PROBLEM STATEMENT —
Would it be possible to output exactly, and only, the lines below from the one holding "Bank treasurers may" to the last line, both included, with every picture left out?

DATA FOR THE TASK —
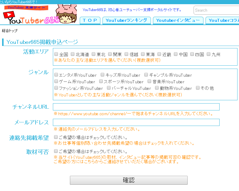 2.YouTuber665・掲載申込の入力事項
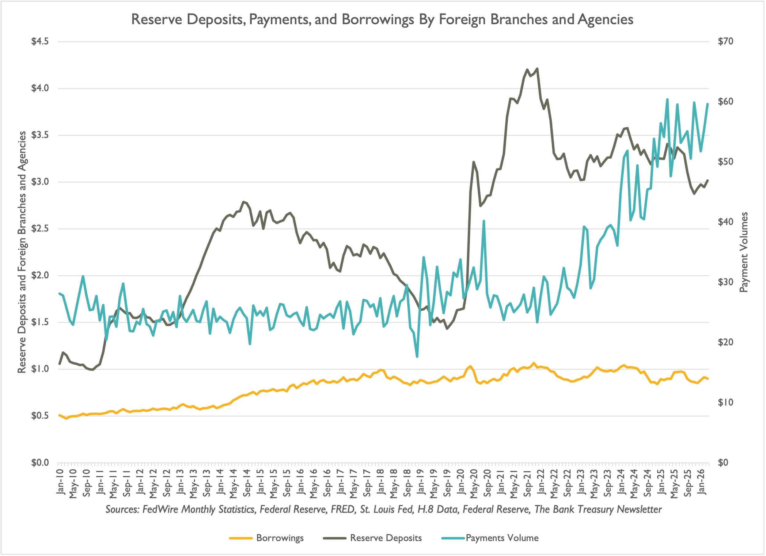 Bank treasurers may recall that after the Fed began paying interest on reserve deposits, foreign branches and agencies began leaving their cash at the Fed and arbitraging the interest earned against their borrowed funds in the Fed funds market, which in the 2010s ran a few basis points below IORB. Researchers at the New York Fed showed that in the decade after the Fed launched Quantitative Easing, payment volumes moved in line with the supply of reserves, and as the Fed increased reserves, payment volumes rose. But this relationship has been less clear since 2020, as the graph in Figure 3 shows: Borrowing by foreign branches and agencies in the Fed funds market, according to H.8 data, has been flat, even as reserves more than doubled and payment volumes soared.
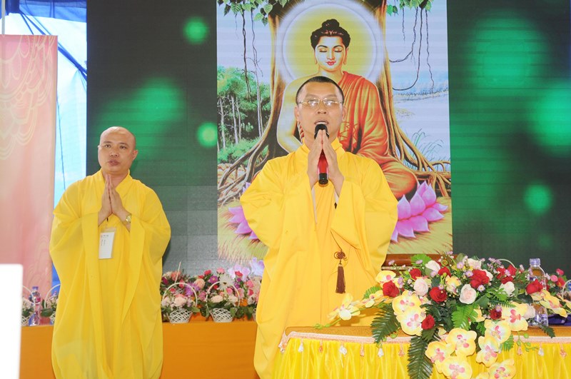ĐĐ. Thích Thông Thắng – Phó BTS kiêm Trưởng ban HDPT PG huyện Duy xuyên, Trưởng ban Tổ chức khóa tu phát biểu khai mạc, bày tỏ niềm tri ân đến chư Tôn đức lãnh đạo các cấp Giáo hội, chư tôn đức Tăng Ni và các cấp chính quyền, đã tạo điều kiện thuận lợi để khóa tu được diễn ra.
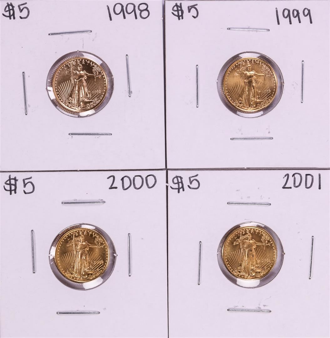 One Lot of 1998-2001 $5 American Gold Eagle Coins.
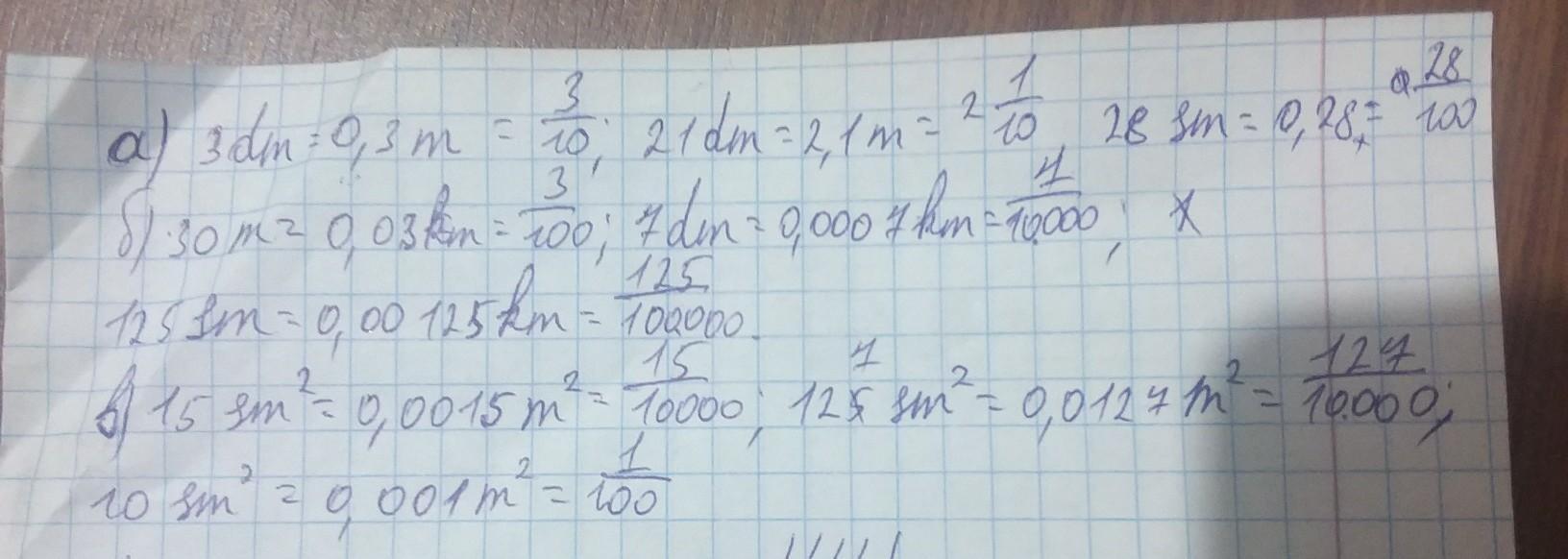 . Запиши в виде десятичных дробей и вырази: а. в метрах: 3 дм; 21 дм; 28 см. б. в километрах: 30 м; 7 дм; 125 см. в. в тоннах: 16 кг; 125 кг; 14 кг; 125 г. г. в квадратных метрах: 15 см²; 127 см²; 10 см² д. в лари: 137 тетри; 25 тетри; 87 тетри; 123 тетри

RESPONSE AREA —
 Bank treasurers may recall that after the Fed began paying interest on reserve deposits, foreign branches and agencies began leaving their cash at the Fed and arbitraging the interest earned against their borrowed funds in the Fed funds market, which in the 2010s ran a few basis points below IORB. Researchers at the New York Fed showed that in the decade after the Fed launched Quantitative Easing, payment volumes moved in line with the supply of reserves, and as the Fed increased reserves, payment volumes rose. But this relationship has been less clear since 2020, as the graph in Figure 3 shows: Borrowing by foreign branches and agencies in the Fed funds market, according to H.8 data, has been flat, even as reserves more than doubled and payment volumes soared.
ĐĐ. Thích Thông Thắng – Phó BTS kiêm Trưởng ban HDPT PG huyện Duy xuyên, Trưởng ban Tổ chức khóa tu phát biểu khai mạc, bày tỏ niềm tri ân đến chư Tôn đức lãnh đạo các cấp Giáo hội, chư tôn đức Tăng Ni và các cấp chính quyền, đã tạo điều kiện thuận lợi để khóa tu được diễn ra.
 One Lot of 1998-2001 $5 American Gold Eagle Coins.
 . Запиши в виде десятичных дробей и вырази: а. в метрах: 3 дм; 21 дм; 28 см. б. в километрах: 30 м; 7 дм; 125 см. в. в тоннах: 16 кг; 125 кг; 14 кг; 125 г. г. в квадратных метрах: 15 см²; 127 см²; 10 см² д. в лари: 137 тетри; 25 тетри; 87 тетри; 123 тетри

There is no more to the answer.